These methods require a rooted phylogeny with branch lengths. Both ultrametric and non-ultrametric trees can be used, but this will have implications for whether ancestral states can be estimated. Polytomies and non-branching edges are not a problem. The units of the branch lengths are typically given in time units or number of nucleotide substitutions. A lot of the power of this method comes from having accurate branch lengths so some care should be taken in time-calibrating the phylogeny.

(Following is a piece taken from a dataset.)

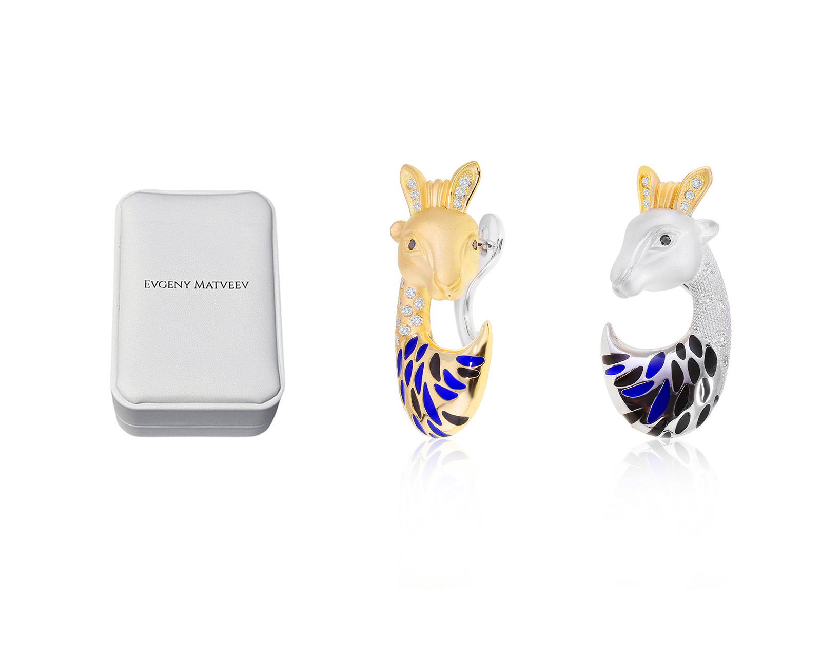 Представляем вашему вниманию золотые серьги с эмалью, бесцветными 0.44ct и черными 0.04ct бриллиантами.

Comparative methods built around an Ornstein-Uhlenbeck process

The Ornstein-Uhlenbeck process describes stochastic evolution with a deterministic tendency to move towards a fixed state (Hansen & Martins 1996). To model adaptive evolution in a comparative data set, we interpret this fixed state as a “primary optimum”, defined as the average fitness optimum that would be reached by a large number of independent species evolving for a sufficiently long time in a given niche to be free of any ancestral influence (Hansen 1997). The model assumes that primary optima exist at any point in time (on the phylogeny), and the idea is to test hypotheses about the effect of specified environmental variables on the primary optima. Currently, the software allows the primary optimum to be be modeled as a multiple regression on several continuous “random” variables, continuous "direct-effect" variables, or as a one-way ANOVA on fixed, categorical variables mapped as regimes on the phylogenetic tree.

The optimum

If we let $\theta(x_1, x_2 \dots)$, be the primary optimum as a function of environmental variables, $x_1, x_2 \dots$, then for the regression model, we have:

$$ \theta(x_1, x_2 \dots) = b_0 + b_1x_1 + b_2x_2 \dots, $$

where $b_0$ is an intercept, and $b_1, b_2 \dots$ are regression slopes on the environmental variables. For the ANOVA model we let $x_1, x_2 \dots$ be indicator variables indicating different categorical states of the environment, and we write

$$ \theta(x_1, x_2 \dots) = \theta_1x_1 + \theta_2x_2 \dots, $$ where $\theta_1x_1, \theta_2x_2 \dots$ are parameters describing the state of the primary optimum in the different environments or niches. The goal is to estimate the parameters $b_i$ or $\theta_i$ to test whether particular aspects of the environment have an effect on the optimum or not. Our adaptive hypotheses thus takes the form: Given that there is a single optimum, the species are adapted to variable $x$ if $x$ has an (important) effect on the optimum. As we will see, the methods also allow for assessments of how strongly the species tend to evolve towards the optimum, and thus to reject the base assumption of adaptation altogether.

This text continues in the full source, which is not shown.